### Brief
Word for word, repeat the data; no picture should appear in the result.

===

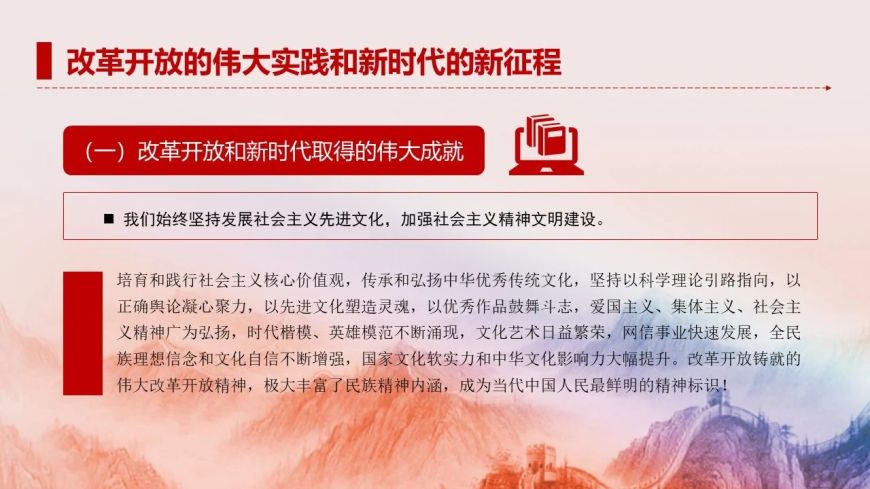 第四,我们始终坚持发展社会主义先进文化,加强社会主义精神文明建设,培育和践行社会主义核心价值观,传承和弘扬中华优秀传统文化,坚持以科学理论引路指向,以正确舆论凝心聚力,以先进文化塑造灵魂,以优秀作品鼓舞斗志,爱国主义、集体主义、社会主义精神广为弘扬,时代楷模、英雄模范不断涌现,文化艺术日益繁荣,网信事业快速发展,全民族理想信念和文化自信不断增强,国家文化软实力和中华文化影响力大幅提升。改革开放铸就的伟大改革开放精神,极大丰富了民族精神内涵,成为当代中国人民最鲜明的精神标识!
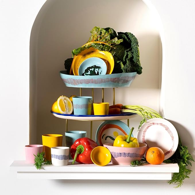 Appetizer Plate | Feast tableware by Ottolenghi | 2 Starter Plates | Stoneware Dinnerware Set in white red | luxury Dishware Set for Dinner at Home, Party, Christmas | Kitchen Sets
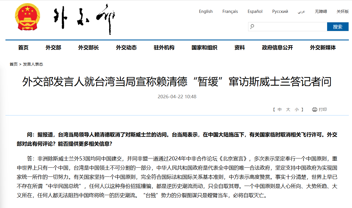 发言人表示,非洲除斯威士兰外53国均同中国建交,并同非盟一道通过2024年中非合作论坛《北京宣言》,多次表示坚定奉行一个中国原则,重申世界上只有一个中国,台湾是中国领土不可分割的一部分,中华人民共和国政府是代表全中国的唯一合法政府,坚定支持中国政府为实现国家统一所作的一切努力。有关国家坚持一个中国原则,完全符合国际法和国际关系基本准则,中方表示高度赞赏。
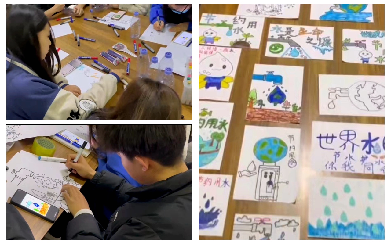 3月21日,参与活动的学生在青年之家开展了“清瓶行动”手工DIY制作和节水海报绘画。同学们在空水瓶上进行节水创意手绘,将喝完的水瓶变“废”为宝,制作成了环保又实用的收纳瓶,同时绘制了主题鲜明、生动活泼的宣传海报,为“世界水日”节水宣传活动做了充分的准备和预热。
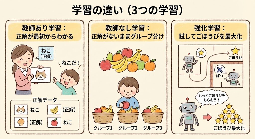 強化学習を理解する前に、よく聞く3つの学習タイプをざっくりイメージしておくとめちゃ楽です。
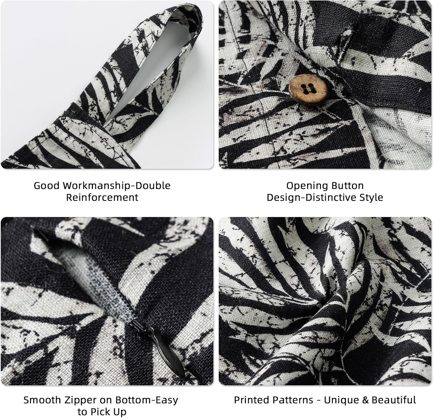 Linen Hanging Laundry Bag, 100% Linen Leaf Print Over The Door Laundry Hamper with Buttons and Zipper, Space Saving Door Hampers for Laundry Dirty Clothes Home Travel, Black, 19.7x27.5inches
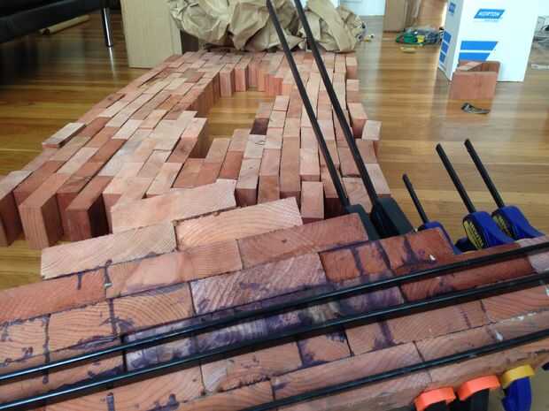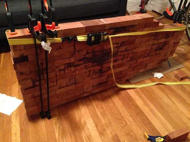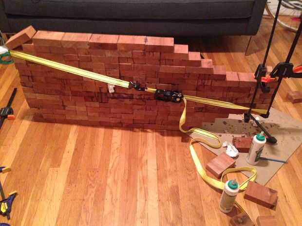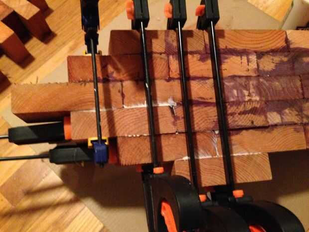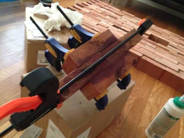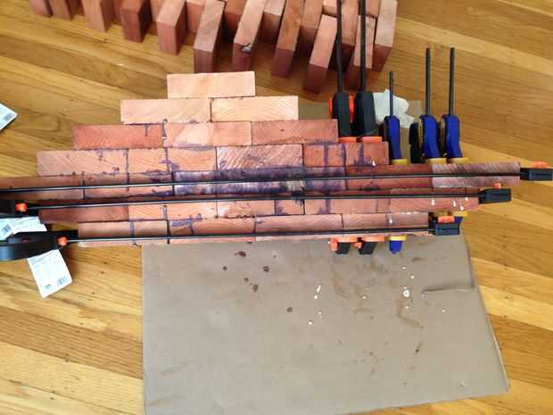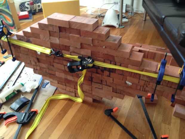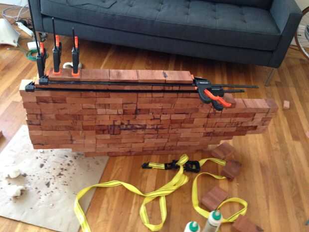 He puesto los ladrillos madera en mi piso para averiguar cuánto quería que la superficie que en lo referente a mi sofá. Una vez decidido empecé a pegar ladrillos por sujeción con pinzas de madera y cables de cinta. Fue un lento proceso tedioso para unir cada ladrillo. Ya que solo tengo 8 Pinzas de madera y una cinta cable - pegan ladrillos de 3-5 cada día. Esperando un día entre cada nueva sesión pegado. Comencé pegando desde el centro y se movió hacia fuera (en forma de diamante), para asegurar cada madera pieza podría estar tan juntos como sea posible. Pegar filas no trabajo puesto que no ser perfectamente plano y así causaría grandes vacíos en la superficie de las tablas. La marca del pegamento que usé era Titebond III - Ultimate Wood Glue.
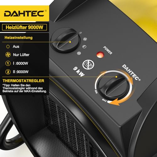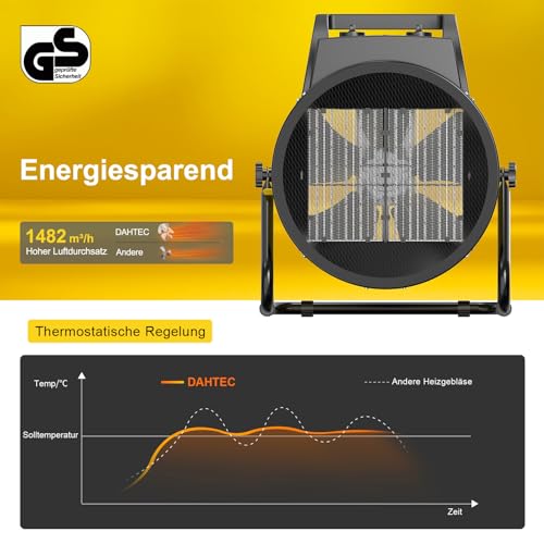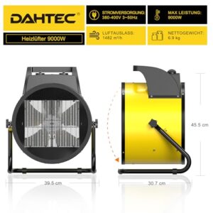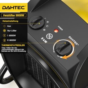 - Vielseitige Anwendungsmöglichkeiten:Der DAHTEC elektrische Heizlüfter ist die ideale Wahl für größeren, mobilen Wärmebedarf und perfekt geeignet für große Räume wie Werkstätten, Lagerhallen, Garagen, Baustellen, Gewächshäuser, Gärten, Geschäfte und mehr
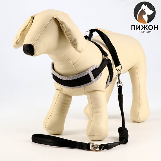 Комплект мягкая шлейка, круглый поводок 120 х 1 см с вертлюгом, S, ОШ 26-67 см, ОГ 26-67 см, чёрный
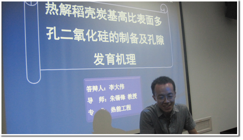 (3)李大伟博士于2001-2008年在中国矿业大学安全技术及工程专业学习,2008-2011年于中国科技大学热科学与能源工程系攻读博士学位,师从朱锡锋教授,相关研究成果发表在Bioresource technology 和materials letters上。 多孔二氧化硅孔隙结构发达,化学性质稳定,具有良好的消光性、隔热性、绝缘性,在吸附、分离、催化等许多领域均具有广阔的应用前景。多孔二氧化硅可以用稻壳基生物质原料制备。目前,国际上稻壳基多孔二氧化硅的比表面积为330-955 m2/g,制备时间长达25-144 h。本报告提出以磷酸为酸化剂、聚乙二醇为模板剂制备稻壳基多孔二氧化硅,并探讨了孔隙发育机制。所得材料的比表面积高达1018 m2/g,制备周期低于10 h。 近期主要论文: [1] Dawei Li, Dengyu Chen, Xifeng Zhu. Reduction in time required for synthesis of high specific surface area silica from pyrolyzed rice husk by precipitation at low pH. Bioresource Technology 102 (2011) 7001-7003 [2] Dawei Li, Xifeng Zhu. Short-period Synthesis of High Specific Surface Area Silica from Rice Husk Char. Materials Letters, 65 (2011) 1528-1530.
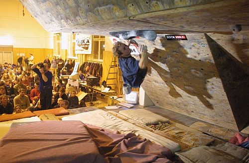 A konečně finále. Přestavovaly se tratě. Na zdi běželo video – bouldering v přírodě, Chris Sharma realizující Realization atd. Třinečtí kluci mě překvapili, když zajistili techniku za sto tisíc.  Neměl jsem na takové shánění už ani čas, ani energii. Největší práci mi totiž nakonec ani tak nedalo získávat od sponzorů ceny či peníze, ale reklamní panely! Ty firmy většinou ani neví, kde jejich reklamy končí, kdo je má. Kdybych se na to vykašlal a řekl si, „jejich problém“, tak příští rok nedostanu nic nebo polovinu a bude to zase můj problém. Tak to byla jen vsuvka, aby nějaký děj zaměstnal vaši pozornost během přestavby těch tratí..
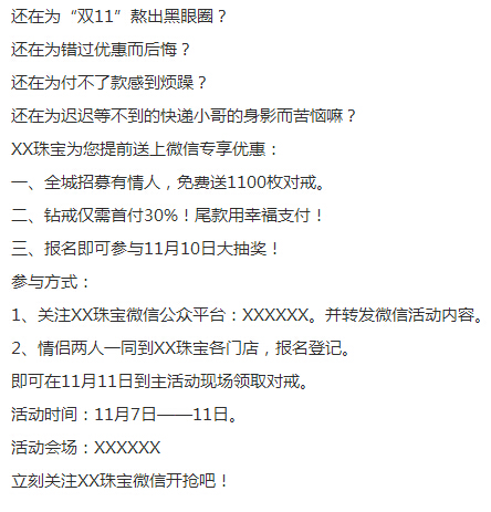 給大家看一段某地珠寶店做的雙十一活動廣告:
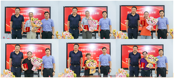 “向工作期间给予帮助支持的领导、同事们表示感谢”“我人退心不退,会时常关注图书馆的发展,希望明天更好”“用得着我的时候,打个招呼”……六位老师温暖而真挚的发言,道出了每位荣休职工的心声。他们是广大荣休职工的缩影,代表着一群辛勤工作、无私奉献的武大图书馆员形象。他们在各自岗位的执着坚守和辛勤耕耘,为图书馆的建设和发展作出了重要贡献。在热烈的掌声中,董有明馆长和尤传明书记依次为每位退休职工颁发荣休证书并献花,表达图书馆对他们的诚挚谢意与真切祝福。
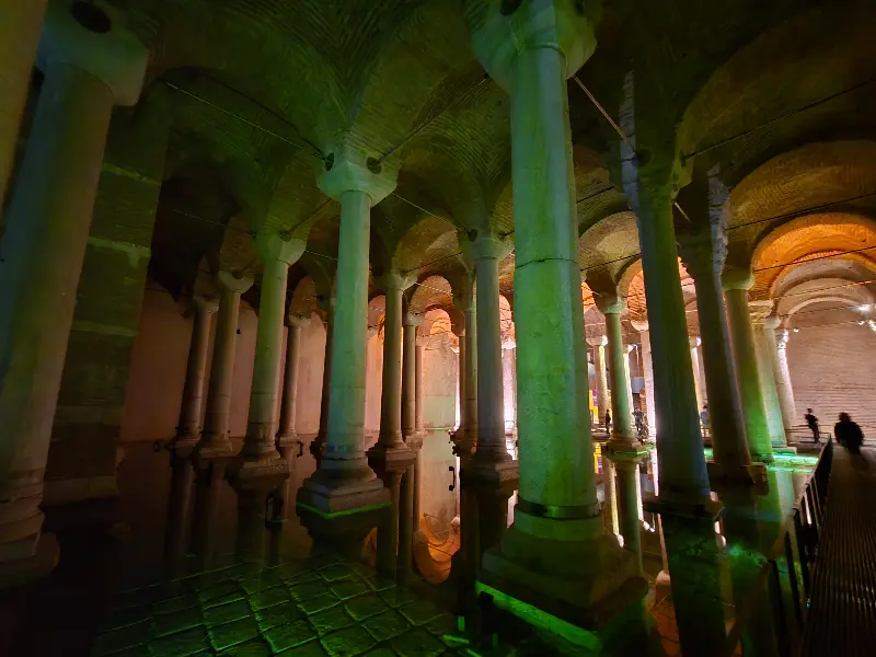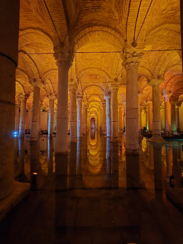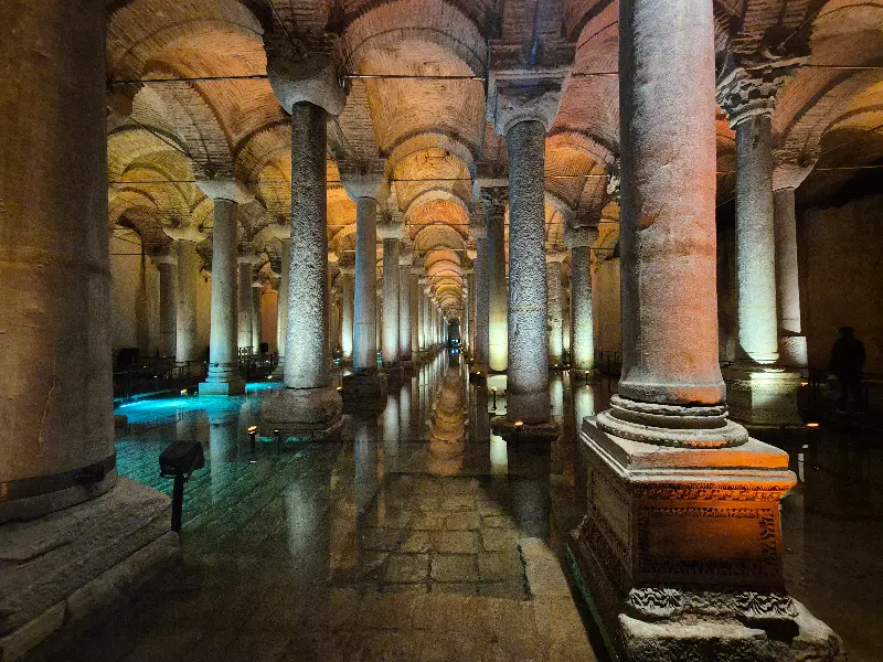 예라바탄 사라이, 튀르키예어로 ‘땅속에 잠긴 궁전’이라는 뜻을 가진 바실리카 시스턴은 그 이름만큼이나 신비로운 매력을 간직한 곳입니다. 동로마 제국 시대에 건설된 이 지하 저수조는, 마치 다른 세계로 통하는 문과 같습니다. 인터넷에서 미리 티켓을 예매하고 다음날 아침, 설레는 마음으로 바실리카 시스턴으로 향했습니다.
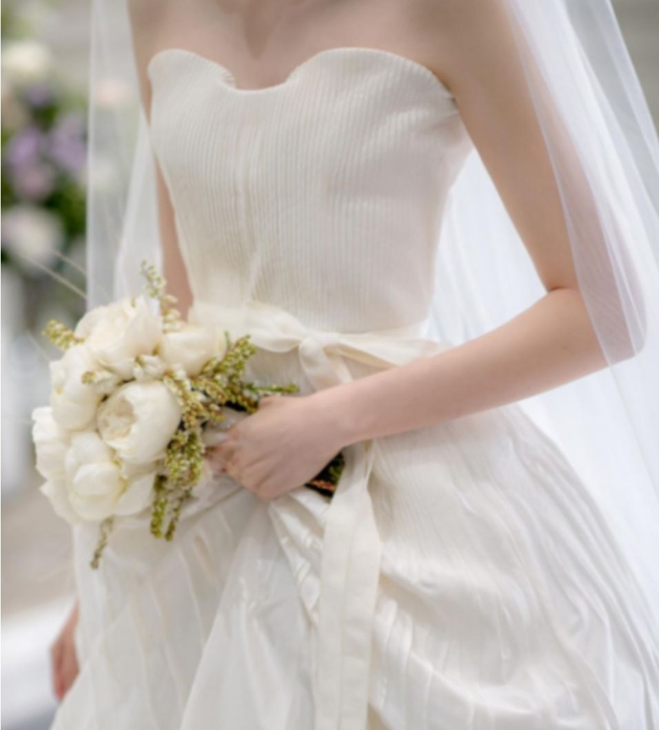 그녀가 선택한 본식드레스는 예상대로 실크로 된 심플한 탑디자인이었습니다.

===

### Task solution
 第四,我们始终坚持发展社会主义先进文化,加强社会主义精神文明建设,培育和践行社会主义核心价值观,传承和弘扬中华优秀传统文化,坚持以科学理论引路指向,以正确舆论凝心聚力,以先进文化塑造灵魂,以优秀作品鼓舞斗志,爱国主义、集体主义、社会主义精神广为弘扬,时代楷模、英雄模范不断涌现,文化艺术日益繁荣,网信事业快速发展,全民族理想信念和文化自信不断增强,国家文化软实力和中华文化影响力大幅提升。改革开放铸就的伟大改革开放精神,极大丰富了民族精神内涵,成为当代中国人民最鲜明的精神标识!
 Appetizer Plate | Feast tableware by Ottolenghi | 2 Starter Plates | Stoneware Dinnerware Set in white red | luxury Dishware Set for Dinner at Home, Party, Christmas | Kitchen Sets
 发言人表示,非洲除斯威士兰外53国均同中国建交,并同非盟一道通过2024年中非合作论坛《北京宣言》,多次表示坚定奉行一个中国原则,重申世界上只有一个中国,台湾是中国领土不可分割的一部分,中华人民共和国政府是代表全中国的唯一合法政府,坚定支持中国政府为实现国家统一所作的一切努力。有关国家坚持一个中国原则,完全符合国际法和国际关系基本准则,中方表示高度赞赏。
 3月21日,参与活动的学生在青年之家开展了“清瓶行动”手工DIY制作和节水海报绘画。同学们在空水瓶上进行节水创意手绘,将喝完的水瓶变“废”为宝,制作成了环保又实用的收纳瓶,同时绘制了主题鲜明、生动活泼的宣传海报,为“世界水日”节水宣传活动做了充分的准备和预热。
 強化学習を理解する前に、よく聞く3つの学習タイプをざっくりイメージしておくとめちゃ楽です。
 Linen Hanging Laundry Bag, 100% Linen Leaf Print Over The Door Laundry Hamper with Buttons and Zipper, Space Saving Door Hampers for Laundry Dirty Clothes Home Travel, Black, 19.7x27.5inches
 He puesto los ladrillos madera en mi piso para averiguar cuánto quería que la superficie que en lo referente a mi sofá. Una vez decidido empecé a pegar ladrillos por sujeción con pinzas de madera y cables de cinta. Fue un lento proceso tedioso para unir cada ladrillo. Ya que solo tengo 8 Pinzas de madera y una cinta cable - pegan ladrillos de 3-5 cada día. Esperando un día entre cada nueva sesión pegado. Comencé pegando desde el centro y se movió hacia fuera (en forma de diamante), para asegurar cada madera pieza podría estar tan juntos como sea posible. Pegar filas no trabajo puesto que no ser perfectamente plano y así causaría grandes vacíos en la superficie de las tablas. La marca del pegamento que usé era Titebond III - Ultimate Wood Glue.
 - Vielseitige Anwendungsmöglichkeiten:Der DAHTEC elektrische Heizlüfter ist die ideale Wahl für größeren, mobilen Wärmebedarf und perfekt geeignet für große Räume wie Werkstätten, Lagerhallen, Garagen, Baustellen, Gewächshäuser, Gärten, Geschäfte und mehr
 Комплект мягкая шлейка, круглый поводок 120 х 1 см с вертлюгом, S, ОШ 26-67 см, ОГ 26-67 см, чёрный
 (3)李大伟博士于2001-2008年在中国矿业大学安全技术及工程专业学习,2008-2011年于中国科技大学热科学与能源工程系攻读博士学位,师从朱锡锋教授,相关研究成果发表在Bioresource technology 和materials letters上。 多孔二氧化硅孔隙结构发达,化学性质稳定,具有良好的消光性、隔热性、绝缘性,在吸附、分离、催化等许多领域均具有广阔的应用前景。多孔二氧化硅可以用稻壳基生物质原料制备。目前,国际上稻壳基多孔二氧化硅的比表面积为330-955 m2/g,制备时间长达25-144 h。本报告提出以磷酸为酸化剂、聚乙二醇为模板剂制备稻壳基多孔二氧化硅,并探讨了孔隙发育机制。所得材料的比表面积高达1018 m2/g,制备周期低于10 h。 近期主要论文: [1] Dawei Li, Dengyu Chen, Xifeng Zhu. Reduction in time required for synthesis of high specific surface area silica from pyrolyzed rice husk by precipitation at low pH. Bioresource Technology 102 (2011) 7001-7003 [2] Dawei Li, Xifeng Zhu. Short-period Synthesis of High Specific Surface Area Silica from Rice Husk Char. Materials Letters, 65 (2011) 1528-1530.
 A konečně finále. Přestavovaly se tratě. Na zdi běželo video – bouldering v přírodě, Chris Sharma realizující Realization atd. Třinečtí kluci mě překvapili, když zajistili techniku za sto tisíc.  Neměl jsem na takové shánění už ani čas, ani energii. Největší práci mi totiž nakonec ani tak nedalo získávat od sponzorů ceny či peníze, ale reklamní panely! Ty firmy většinou ani neví, kde jejich reklamy končí, kdo je má. Kdybych se na to vykašlal a řekl si, „jejich problém“, tak příští rok nedostanu nic nebo polovinu a bude to zase můj problém. Tak to byla jen vsuvka, aby nějaký děj zaměstnal vaši pozornost během přestavby těch tratí..
 給大家看一段某地珠寶店做的雙十一活動廣告:
 “向工作期间给予帮助支持的领导、同事们表示感谢”“我人退心不退,会时常关注图书馆的发展,希望明天更好”“用得着我的时候,打个招呼”……六位老师温暖而真挚的发言,道出了每位荣休职工的心声。他们是广大荣休职工的缩影,代表着一群辛勤工作、无私奉献的武大图书馆员形象。他们在各自岗位的执着坚守和辛勤耕耘,为图书馆的建设和发展作出了重要贡献。在热烈的掌声中,董有明馆长和尤传明书记依次为每位退休职工颁发荣休证书并献花,表达图书馆对他们的诚挚谢意与真切祝福。
 예라바탄 사라이, 튀르키예어로 ‘땅속에 잠긴 궁전’이라는 뜻을 가진 바실리카 시스턴은 그 이름만큼이나 신비로운 매력을 간직한 곳입니다. 동로마 제국 시대에 건설된 이 지하 저수조는, 마치 다른 세계로 통하는 문과 같습니다. 인터넷에서 미리 티켓을 예매하고 다음날 아침, 설레는 마음으로 바실리카 시스턴으로 향했습니다.
 그녀가 선택한 본식드레스는 예상대로 실크로 된 심플한 탑디자인이었습니다.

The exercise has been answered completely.